**ASSIGNMENT**.
Write out the records in full and without alteration, setting aside their pictures.

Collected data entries
● ● ● ●

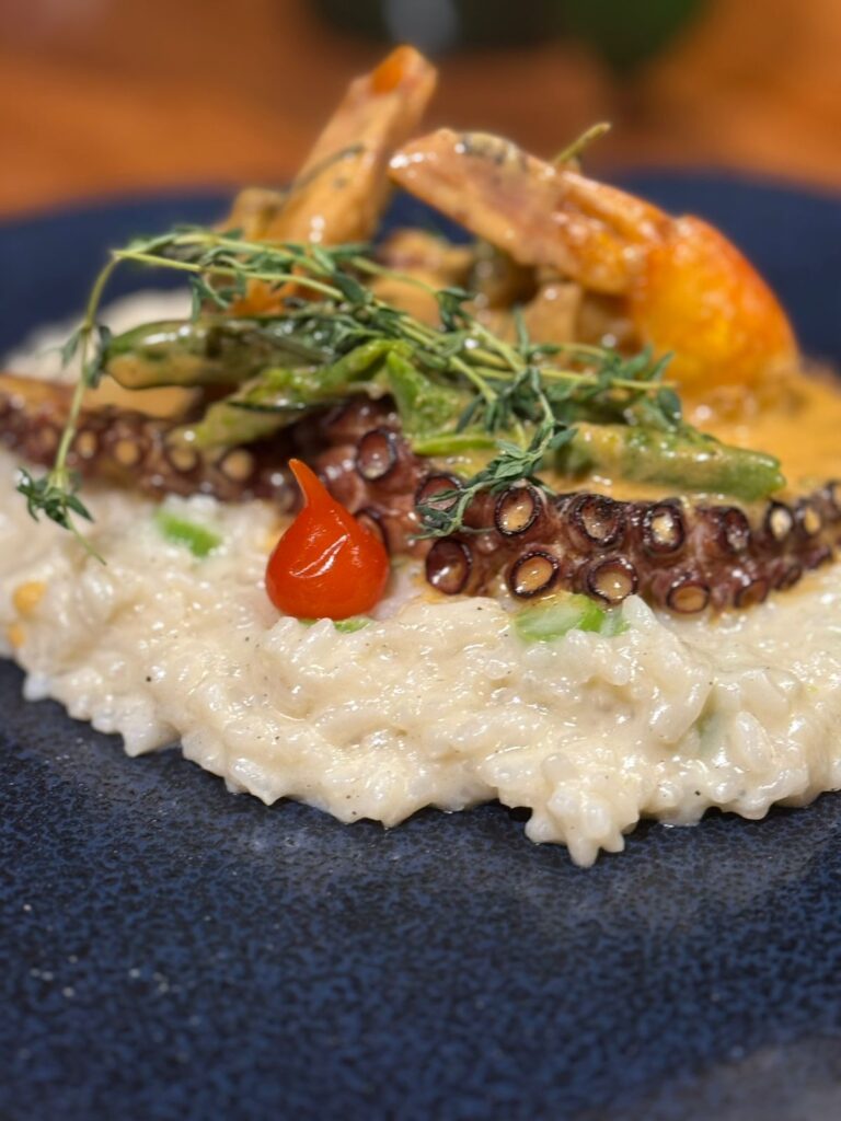Para os fãs de camarão, a novidade é o Duo Maré Alta, uma combinação de polvo e camarões VG grelhados, com risoto de aspargos ao molho de crustáceos. Um molho super rico de sabor, que amarra todo o prato.
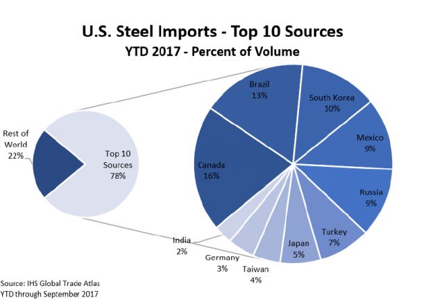 欧盟、中国和加拿大先后表态会采取报复行动,引发市场会潜在的全球贸易战的担忧,股市应声下跌。加拿大是美国钢铁和铝的最大来源国,2017年占总额16%。美国的关税决定可能对加拿大的伤害最大。
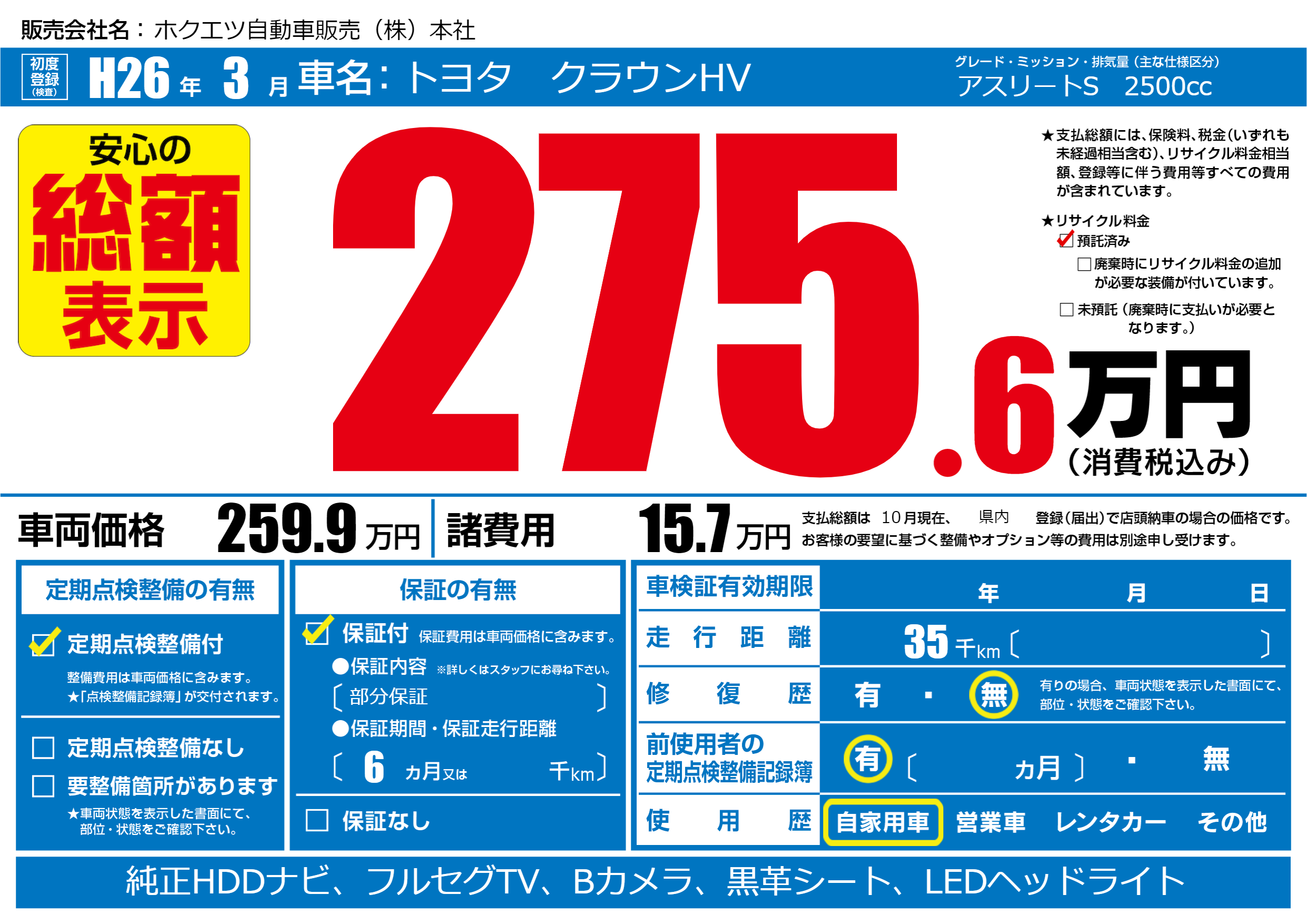 | 車名 | トヨタ クラウンHV | グレード ミッション 排気量 |
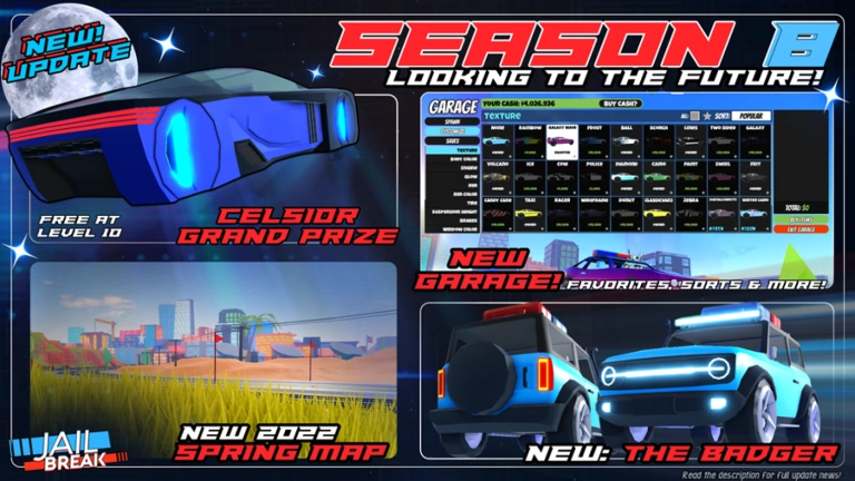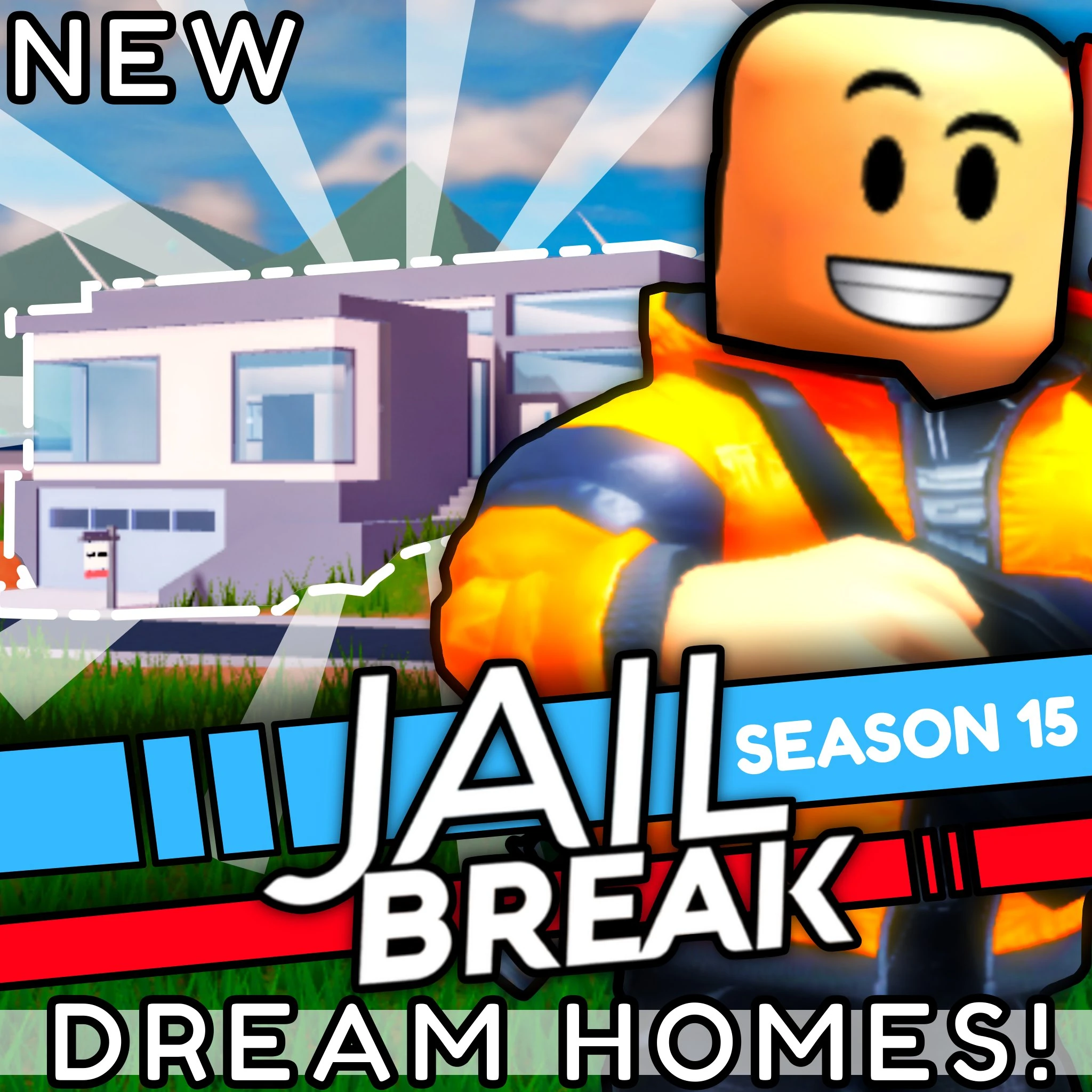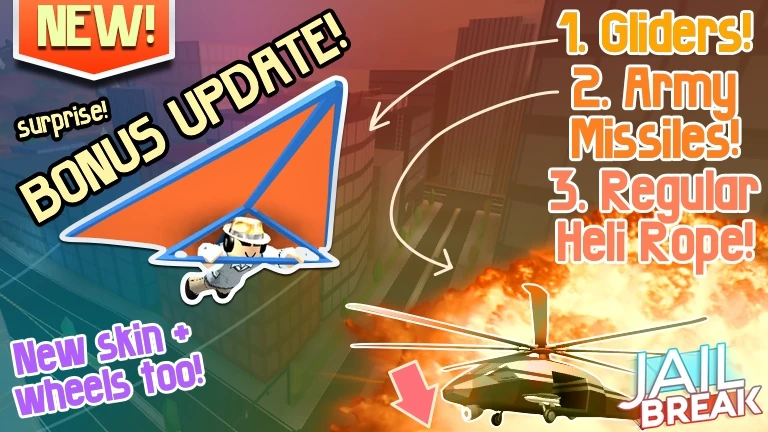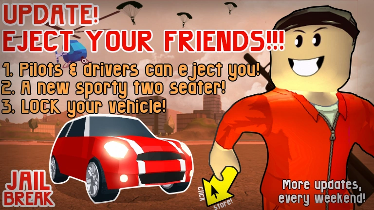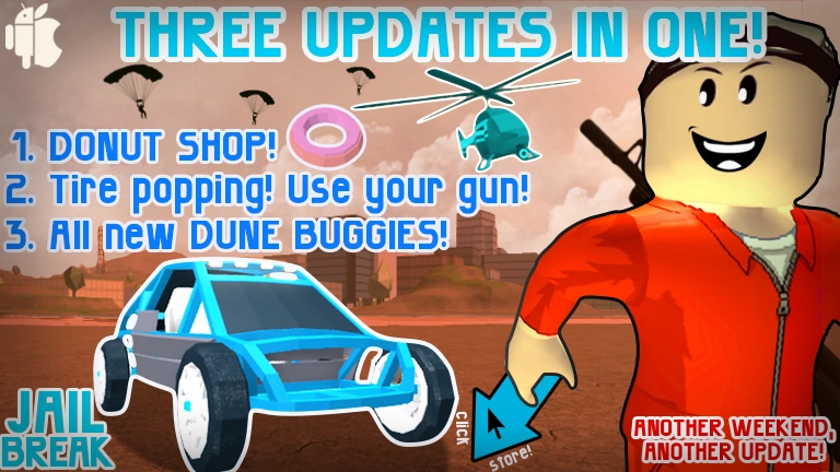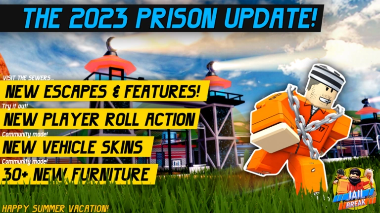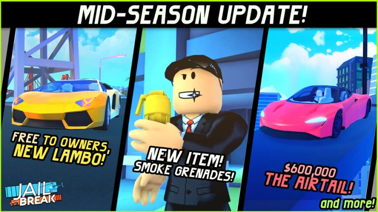 Every time Jailbreak updates, the game icon and thumbnail are changed to reflect the update's content. The game icon and thumbnail are usually reverted a few weeks after the update. Originally updates had a title before/after the Jailbreak text. For example, "Season 4 🎉 Jailbreak!", but recently the title has been mostly just, "Jailbreak". Originally, the game icon often changed between three different styles made by @rastapastatf2 and @SubjectValue on Twitter. Later on, Badimo used their own game icons and thumbnails.
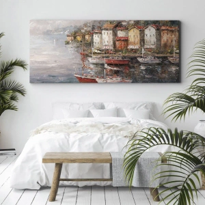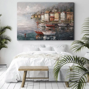Romantisk hamn är ett canvastavla på 70x50 cm som visar en pittoresk hamn vid havet med båtar mot en bakgrund av färgglada hus. Landskapet fångar den lugna atmosfären vid kusten, där vattnet reflekterar ljuset och skapar en harmonisk och rogivande utsikt. Färgglada byggnader mot ett milt landskap drar till sig uppmärksamhet och introducerar en atmosfär av avkoppling och skönhet i interiören.
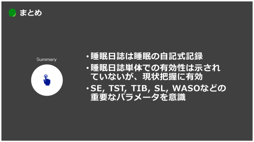 睡眠日誌単体での有効性は示されていないが、現状把握に有効

● ● ● ●

**TASK ANSWER**.
Para os fãs de camarão, a novidade é o Duo Maré Alta, uma combinação de polvo e camarões VG grelhados, com risoto de aspargos ao molho de crustáceos. Um molho super rico de sabor, que amarra todo o prato.
 欧盟、中国和加拿大先后表态会采取报复行动,引发市场会潜在的全球贸易战的担忧,股市应声下跌。加拿大是美国钢铁和铝的最大来源国,2017年占总额16%。美国的关税决定可能对加拿大的伤害最大。
 | 車名 | トヨタ クラウンHV | グレード ミッション 排気量 |
 Every time Jailbreak updates, the game icon and thumbnail are changed to reflect the update's content. The game icon and thumbnail are usually reverted a few weeks after the update. Originally updates had a title before/after the Jailbreak text. For example, "Season 4 🎉 Jailbreak!", but recently the title has been mostly just, "Jailbreak". Originally, the game icon often changed between three different styles made by @rastapastatf2 and @SubjectValue on Twitter. Later on, Badimo used their own game icons and thumbnails.
Romantisk hamn är ett canvastavla på 70x50 cm som visar en pittoresk hamn vid havet med båtar mot en bakgrund av färgglada hus. Landskapet fångar den lugna atmosfären vid kusten, där vattnet reflekterar ljuset och skapar en harmonisk och rogivande utsikt. Färgglada byggnader mot ett milt landskap drar till sig uppmärksamhet och introducerar en atmosfär av avkoppling och skönhet i interiören.
 睡眠日誌単体での有効性は示されていないが、現状把握に有効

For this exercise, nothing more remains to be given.